Reputation: 36277
I'm trying to get a better understanding of the relationship between a pipeline and crawler in scrapy, after asking my last question (How to pass parameter to a scrapy pipeline object)
One of the answers was:
@classmethod
def from_crawler(cls, crawler):
# Here, you get whatever value was passed through the "table" parameter
settings = crawler.settings
table = settings.get('table')
# Instantiate the pipeline with your table
return cls(table)
def __init__(self, table):
_engine = create_engine("sqlite:///data.db")
_connection = _engine.connect()
_metadata = MetaData()
_stack_items = Table(table, _metadata,
Column("id", Integer, primary_key=True),
Column("detail_url", Text),
_metadata.create_all(_engine)
self.connection = _connection
self.stack_items = _stack_items
I am confused about:
@classmethod
def from_crawler(cls, crawler):
# Here, you get whatever value was passed through the "table" parameter
settings = crawler.settings
table = settings.get('table')
Does the crawler class already exist or are we creating it here. Can someone explain what is happening here in more detail? I have been reading through a number of sources including http://scrapy.readthedocs.io/en/latest/topics/api.html#crawler-api and http://scrapy.readthedocs.io/en/latest/topics/architecture.html , but I'm not putting the pieces together yet.
Upvotes: 1
Views: 1965
Reputation: 5948
That's me again :)
Maybe what you didn't get is the meaning of classmethod
in Python. In your case, it's a method that belongs to your SQLlitePipeline
class. Thus, the cls
is the SQLlitePipeline
class itself.
Scrapy calls this pipeline method passing the crawler
object, which Scrapy instantiates by itself. Up to this point, we still don't have an SQLlitePipeline
instance yet. In other words, the pipeline flow hasn't started yet.
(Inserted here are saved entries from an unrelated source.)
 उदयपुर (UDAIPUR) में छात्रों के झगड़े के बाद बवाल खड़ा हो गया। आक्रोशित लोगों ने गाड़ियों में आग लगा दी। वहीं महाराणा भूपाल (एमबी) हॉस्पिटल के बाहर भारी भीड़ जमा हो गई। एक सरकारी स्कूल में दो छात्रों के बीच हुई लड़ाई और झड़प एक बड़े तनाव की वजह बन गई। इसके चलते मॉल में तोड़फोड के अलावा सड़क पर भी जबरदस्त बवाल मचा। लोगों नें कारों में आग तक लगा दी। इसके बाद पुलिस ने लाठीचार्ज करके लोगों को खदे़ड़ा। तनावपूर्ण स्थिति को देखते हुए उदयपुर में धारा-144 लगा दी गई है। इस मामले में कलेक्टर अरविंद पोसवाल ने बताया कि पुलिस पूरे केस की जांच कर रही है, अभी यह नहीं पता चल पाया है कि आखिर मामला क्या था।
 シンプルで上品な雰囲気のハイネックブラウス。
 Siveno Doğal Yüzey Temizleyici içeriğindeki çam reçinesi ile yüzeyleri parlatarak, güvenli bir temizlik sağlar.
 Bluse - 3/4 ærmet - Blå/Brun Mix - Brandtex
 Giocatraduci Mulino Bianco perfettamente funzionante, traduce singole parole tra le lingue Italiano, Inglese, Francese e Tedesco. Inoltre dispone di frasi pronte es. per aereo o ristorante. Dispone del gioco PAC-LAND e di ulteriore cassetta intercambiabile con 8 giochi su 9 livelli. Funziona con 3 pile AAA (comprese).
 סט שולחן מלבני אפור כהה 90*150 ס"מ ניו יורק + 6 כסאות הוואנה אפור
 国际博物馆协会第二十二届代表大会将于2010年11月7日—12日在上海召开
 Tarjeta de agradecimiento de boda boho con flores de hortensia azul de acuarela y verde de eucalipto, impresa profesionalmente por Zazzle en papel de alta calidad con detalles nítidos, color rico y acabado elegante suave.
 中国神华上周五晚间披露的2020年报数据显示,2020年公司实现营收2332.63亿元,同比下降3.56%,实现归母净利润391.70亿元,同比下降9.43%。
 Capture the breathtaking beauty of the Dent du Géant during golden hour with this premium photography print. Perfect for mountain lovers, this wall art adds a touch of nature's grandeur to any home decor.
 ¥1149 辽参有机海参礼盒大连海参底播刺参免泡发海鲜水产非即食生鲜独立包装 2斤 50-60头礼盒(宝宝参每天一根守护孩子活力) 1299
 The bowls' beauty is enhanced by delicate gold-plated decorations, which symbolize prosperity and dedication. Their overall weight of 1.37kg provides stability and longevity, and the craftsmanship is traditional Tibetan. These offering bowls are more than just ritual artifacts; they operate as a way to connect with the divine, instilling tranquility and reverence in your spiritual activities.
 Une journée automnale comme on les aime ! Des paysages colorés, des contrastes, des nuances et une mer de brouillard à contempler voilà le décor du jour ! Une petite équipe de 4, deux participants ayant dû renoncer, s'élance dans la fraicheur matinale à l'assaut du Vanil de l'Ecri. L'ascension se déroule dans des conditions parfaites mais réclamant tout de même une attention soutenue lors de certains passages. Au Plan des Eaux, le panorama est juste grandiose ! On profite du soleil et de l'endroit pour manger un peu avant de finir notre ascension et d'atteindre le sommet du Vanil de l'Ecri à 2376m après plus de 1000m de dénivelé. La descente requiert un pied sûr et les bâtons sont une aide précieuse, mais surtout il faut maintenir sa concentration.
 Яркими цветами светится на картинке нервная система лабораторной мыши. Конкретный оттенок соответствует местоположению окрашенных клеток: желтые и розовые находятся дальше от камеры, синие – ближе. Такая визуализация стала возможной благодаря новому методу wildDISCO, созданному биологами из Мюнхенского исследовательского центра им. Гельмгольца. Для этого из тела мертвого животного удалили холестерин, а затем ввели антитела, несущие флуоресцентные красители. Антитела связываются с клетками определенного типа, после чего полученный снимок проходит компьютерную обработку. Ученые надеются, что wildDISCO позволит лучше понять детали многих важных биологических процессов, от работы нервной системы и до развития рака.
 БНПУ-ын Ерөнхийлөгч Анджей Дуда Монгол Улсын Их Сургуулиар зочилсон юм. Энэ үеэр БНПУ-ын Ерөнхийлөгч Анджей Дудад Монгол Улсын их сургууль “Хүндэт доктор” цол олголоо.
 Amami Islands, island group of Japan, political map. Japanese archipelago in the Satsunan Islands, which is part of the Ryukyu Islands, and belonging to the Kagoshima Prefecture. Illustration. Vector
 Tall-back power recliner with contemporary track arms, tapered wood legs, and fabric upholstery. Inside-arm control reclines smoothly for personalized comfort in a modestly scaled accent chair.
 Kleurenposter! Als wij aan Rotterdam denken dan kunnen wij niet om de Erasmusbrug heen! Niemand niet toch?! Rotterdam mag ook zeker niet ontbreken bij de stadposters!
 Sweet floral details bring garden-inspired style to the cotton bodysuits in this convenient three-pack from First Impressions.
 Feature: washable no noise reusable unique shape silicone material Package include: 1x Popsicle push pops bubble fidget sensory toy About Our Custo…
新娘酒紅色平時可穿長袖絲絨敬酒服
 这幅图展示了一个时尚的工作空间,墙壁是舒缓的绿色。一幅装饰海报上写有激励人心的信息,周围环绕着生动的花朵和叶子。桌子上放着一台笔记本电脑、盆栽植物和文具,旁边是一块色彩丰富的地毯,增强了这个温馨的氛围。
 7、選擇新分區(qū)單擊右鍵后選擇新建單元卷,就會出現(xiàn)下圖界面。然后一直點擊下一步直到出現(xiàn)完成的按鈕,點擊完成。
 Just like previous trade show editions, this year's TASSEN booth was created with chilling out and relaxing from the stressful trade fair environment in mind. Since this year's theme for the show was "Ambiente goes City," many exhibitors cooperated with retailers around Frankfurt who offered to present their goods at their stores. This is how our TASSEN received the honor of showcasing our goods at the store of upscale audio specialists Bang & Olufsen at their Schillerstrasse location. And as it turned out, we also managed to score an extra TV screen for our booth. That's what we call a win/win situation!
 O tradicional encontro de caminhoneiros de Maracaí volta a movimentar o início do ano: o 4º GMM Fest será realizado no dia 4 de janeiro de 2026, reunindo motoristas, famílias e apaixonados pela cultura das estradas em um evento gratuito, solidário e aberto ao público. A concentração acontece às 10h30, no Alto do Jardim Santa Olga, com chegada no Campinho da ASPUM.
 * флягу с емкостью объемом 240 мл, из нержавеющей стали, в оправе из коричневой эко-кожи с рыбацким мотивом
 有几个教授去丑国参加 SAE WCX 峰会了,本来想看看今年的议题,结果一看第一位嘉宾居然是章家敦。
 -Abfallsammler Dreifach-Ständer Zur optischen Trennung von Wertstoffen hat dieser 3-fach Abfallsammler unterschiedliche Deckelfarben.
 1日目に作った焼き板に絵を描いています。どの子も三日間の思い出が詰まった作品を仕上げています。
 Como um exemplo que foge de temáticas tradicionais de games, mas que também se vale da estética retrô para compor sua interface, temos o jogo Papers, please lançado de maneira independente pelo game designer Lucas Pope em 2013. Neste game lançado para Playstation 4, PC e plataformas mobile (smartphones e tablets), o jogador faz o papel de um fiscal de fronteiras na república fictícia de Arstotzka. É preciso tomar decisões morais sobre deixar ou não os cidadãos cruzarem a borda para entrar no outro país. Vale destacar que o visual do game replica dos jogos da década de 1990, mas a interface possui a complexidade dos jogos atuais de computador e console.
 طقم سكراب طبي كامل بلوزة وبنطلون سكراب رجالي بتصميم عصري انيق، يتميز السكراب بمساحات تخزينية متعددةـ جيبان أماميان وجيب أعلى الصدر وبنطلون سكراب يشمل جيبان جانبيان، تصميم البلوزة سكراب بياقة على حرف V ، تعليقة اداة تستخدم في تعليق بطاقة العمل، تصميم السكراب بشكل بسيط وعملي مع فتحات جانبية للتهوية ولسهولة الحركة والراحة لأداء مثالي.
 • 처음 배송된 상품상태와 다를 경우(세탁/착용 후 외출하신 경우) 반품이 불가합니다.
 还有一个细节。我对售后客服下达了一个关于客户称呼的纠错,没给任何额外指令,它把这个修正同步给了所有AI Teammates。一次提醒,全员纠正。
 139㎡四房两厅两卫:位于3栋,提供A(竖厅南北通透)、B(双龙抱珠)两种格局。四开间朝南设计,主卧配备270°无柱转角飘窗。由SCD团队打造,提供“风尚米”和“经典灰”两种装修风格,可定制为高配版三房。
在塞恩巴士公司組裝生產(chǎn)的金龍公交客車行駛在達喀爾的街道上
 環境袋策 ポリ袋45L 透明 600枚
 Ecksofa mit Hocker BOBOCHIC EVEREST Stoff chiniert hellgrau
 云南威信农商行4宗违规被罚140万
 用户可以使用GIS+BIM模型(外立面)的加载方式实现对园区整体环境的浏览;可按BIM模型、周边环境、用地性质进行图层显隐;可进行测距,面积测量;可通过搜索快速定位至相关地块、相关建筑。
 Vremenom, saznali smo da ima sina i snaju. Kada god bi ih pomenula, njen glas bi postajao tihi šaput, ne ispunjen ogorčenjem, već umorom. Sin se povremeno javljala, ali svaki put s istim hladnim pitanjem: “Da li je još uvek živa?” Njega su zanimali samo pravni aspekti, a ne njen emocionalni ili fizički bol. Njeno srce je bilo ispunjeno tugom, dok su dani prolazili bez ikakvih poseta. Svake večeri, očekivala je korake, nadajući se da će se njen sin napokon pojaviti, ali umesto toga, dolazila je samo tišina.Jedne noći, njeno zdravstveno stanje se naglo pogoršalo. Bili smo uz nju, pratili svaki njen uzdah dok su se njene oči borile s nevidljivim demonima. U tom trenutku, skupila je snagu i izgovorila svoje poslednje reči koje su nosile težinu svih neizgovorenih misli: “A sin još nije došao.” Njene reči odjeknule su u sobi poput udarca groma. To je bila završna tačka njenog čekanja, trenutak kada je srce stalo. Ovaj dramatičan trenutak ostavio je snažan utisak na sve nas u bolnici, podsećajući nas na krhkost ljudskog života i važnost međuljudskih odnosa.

After getting the desired parameter (table
) from the crawler's settings, from_crawler
finally returns an instance of the pipeline by doing cls(table)
(remember what cls
is, right? So, it's the same as doing SQLlitePipeline(table)
).
This is a plain Python object instantiation, so __init__
will be called with the table name it's expecting, and then the pipeline flow will start.
EDIT
Maybe it's good to have an overview on the process executed by Scrapy, step by step. Of course it's much more complex than what I will illustrate, but hopefully it'll give you a better understanding.
1) You invoke Scrapy
2) Scrapy instantiates a crawler
object
crawler = Crawler(...)
3) Scrapy identifies the pipeline class you want to use (SQLlitePipeline
) and calls its from_crawler
method.
# Note that SQLlitePipeline is not instantiated here, as from_crawler is a class method
# However, as we saw before, this method returns an instance of the pipeline class
pipeline_instance = SQLlitePipeline.from_crawler(crawler)
4) From this point on, it calls the pipeline instance methods listed here
pipeline_instance.open_spider(...)
pipeline_instance.process_item(...)
pipeline_instance.close_spider(...)
Upvotes: 7